== Segment start ==
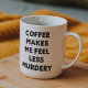 Kaffe kan förändra sinnesstämningen; detta tolkas humoristiskt i texten på raden "Kaffe får mig att känna mig mindre mördery". Det fuskande antyder att konsumtionen av kaffe avsevärt har förbättrat talarens sinnesstämning och minskat deras oro. Det blandar realistiska erfarenheter av att förlita sig på kaffe för att få dig att må bättre med mörk humor. Perfekt-gåva till tillfälle som Mors dag, Fars dag, Thanksgiving, Påsk, jul eller nyår, Halloween, Julafton, Thanksgiving, St.Patrick's day, juli 4:e födelsedagen.
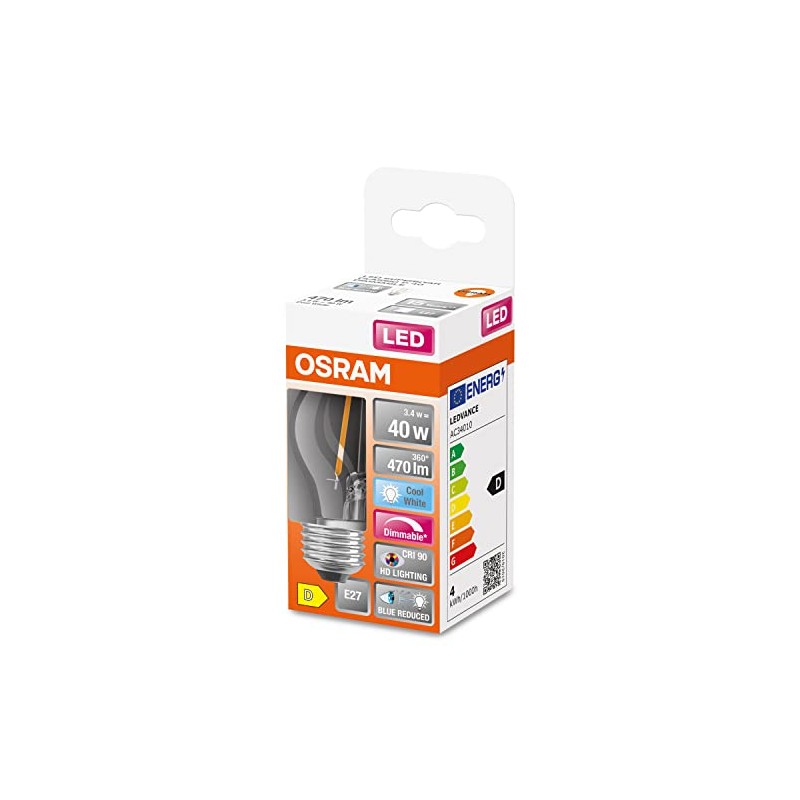 Osram OSRAM Superstar dimmbare LED-Lampe mit besonders hoher Farbwiedergabe (CRI90) fr E27-Sockel, Filament-Optik ,Kaltwei? (4000K), 470 Lumen, Ersatz fr herk?mmliche 40W-Leuchtmittel, dimmbar, 1-er Pack
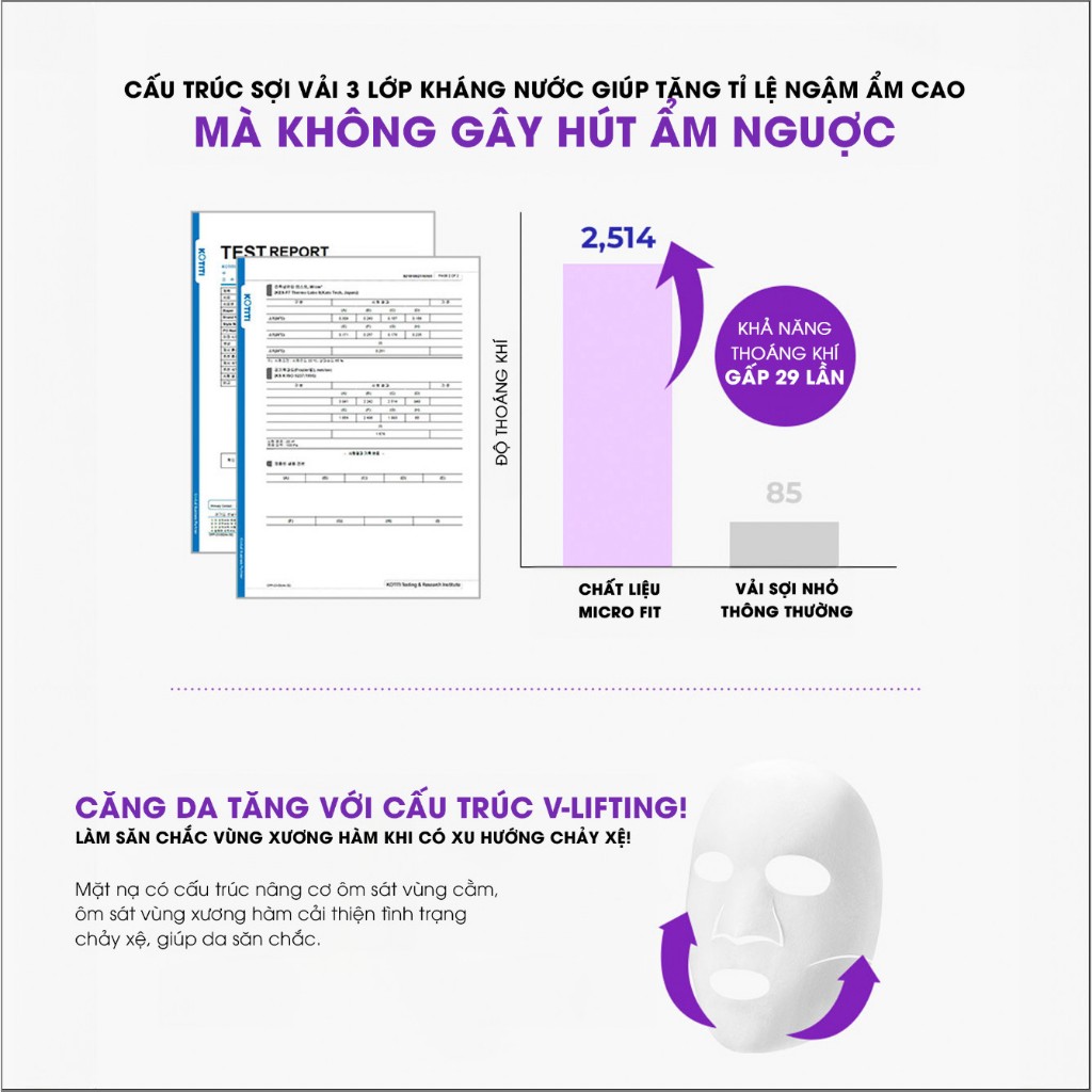 - Vật liệu Micro Fit 3 lớp siêu nâng cơ, là loại vật liệu kết hợp 3 loại sợi có kích thước khác nhau tạo ra những lỗ thông khí giúp đưa tinh chất vào sâu bên trong. Kích thước mỏng hơn sợi tóc 100 lần nên có thể uốn cong theo đường cong nhỏ nhất của da. Có khả năng bám chặt để ngăn ngừa bay hơi và cung cấp độ ẩm tối đa cho da.
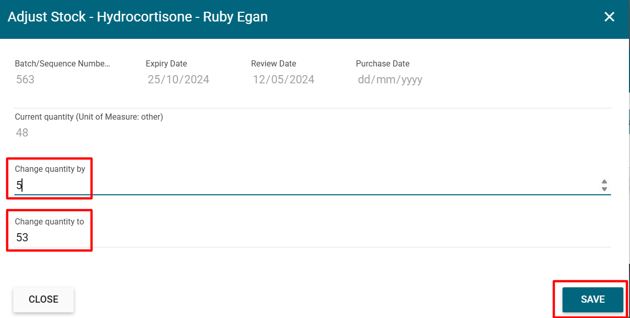 3. You are able to change the level of stock BY a quantity (+ or - an amount) OR change the level of stock TO the new quantity on hand. Click SAVE.
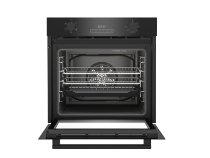 The Blomberg ROEN8201B Single Oven comes in a sleek glass finish. The oven boasts a huge 72 Litre capacity and five functions. The AeroChef technology ensures hot air is circulated throughout the cavity for even cooking results, and the touch-control LED timer is easy to use. The ROEN8201B has control knobs for a seamless finish and an easy clean, double-glazed oven door with a full glass inner door.
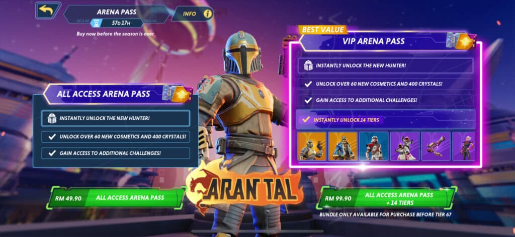 Aran Tal will beyond doubt be a hot pick in the newly-released Star Wars: Hunters. Note that if you purchase the hunter, it will permanently remain in your hunters lineup even after the season ends - which is in 57 more days!
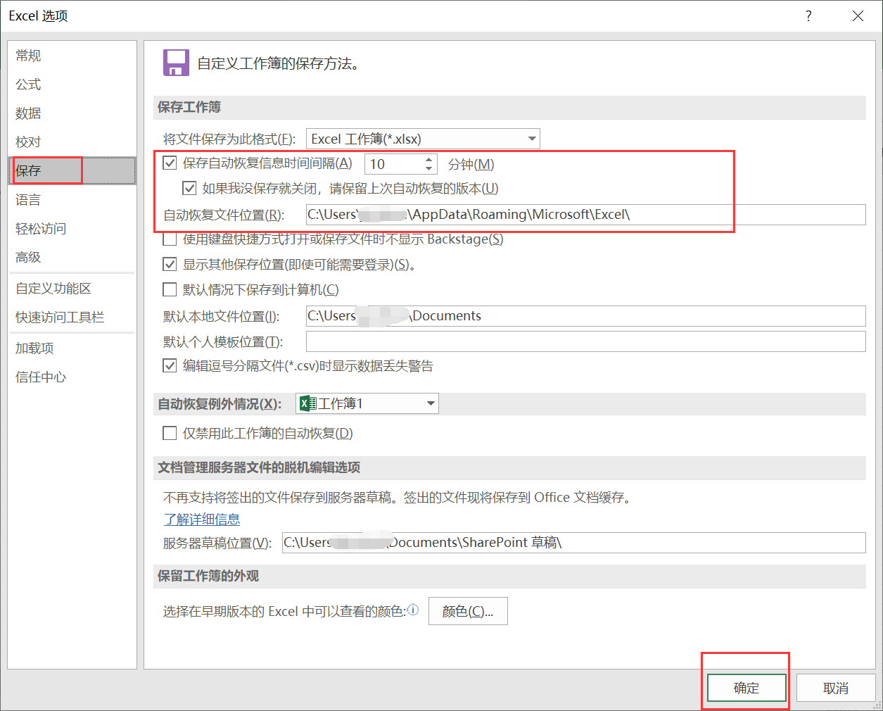 注:建议大家设置的自动保存的时间不要间隔太短,否则可能会造成Excel卡顿。
== Segment end ==
§ **What you are asked to do**:
Pictures stay out; repeat all the rest of the records exactly.

§ **Task response**:
 Kaffe kan förändra sinnesstämningen; detta tolkas humoristiskt i texten på raden "Kaffe får mig att känna mig mindre mördery". Det fuskande antyder att konsumtionen av kaffe avsevärt har förbättrat talarens sinnesstämning och minskat deras oro. Det blandar realistiska erfarenheter av att förlita sig på kaffe för att få dig att må bättre med mörk humor. Perfekt-gåva till tillfälle som Mors dag, Fars dag, Thanksgiving, Påsk, jul eller nyår, Halloween, Julafton, Thanksgiving, St.Patrick's day, juli 4:e födelsedagen.
 Osram OSRAM Superstar dimmbare LED-Lampe mit besonders hoher Farbwiedergabe (CRI90) fr E27-Sockel, Filament-Optik ,Kaltwei? (4000K), 470 Lumen, Ersatz fr herk?mmliche 40W-Leuchtmittel, dimmbar, 1-er Pack
 - Vật liệu Micro Fit 3 lớp siêu nâng cơ, là loại vật liệu kết hợp 3 loại sợi có kích thước khác nhau tạo ra những lỗ thông khí giúp đưa tinh chất vào sâu bên trong. Kích thước mỏng hơn sợi tóc 100 lần nên có thể uốn cong theo đường cong nhỏ nhất của da. Có khả năng bám chặt để ngăn ngừa bay hơi và cung cấp độ ẩm tối đa cho da.
 3. You are able to change the level of stock BY a quantity (+ or - an amount) OR change the level of stock TO the new quantity on hand. Click SAVE.
 The Blomberg ROEN8201B Single Oven comes in a sleek glass finish. The oven boasts a huge 72 Litre capacity and five functions. The AeroChef technology ensures hot air is circulated throughout the cavity for even cooking results, and the touch-control LED timer is easy to use. The ROEN8201B has control knobs for a seamless finish and an easy clean, double-glazed oven door with a full glass inner door.
 Aran Tal will beyond doubt be a hot pick in the newly-released Star Wars: Hunters. Note that if you purchase the hunter, it will permanently remain in your hunters lineup even after the season ends - which is in 57 more days!
 注:建议大家设置的自动保存的时间不要间隔太短,否则可能会造成Excel卡顿。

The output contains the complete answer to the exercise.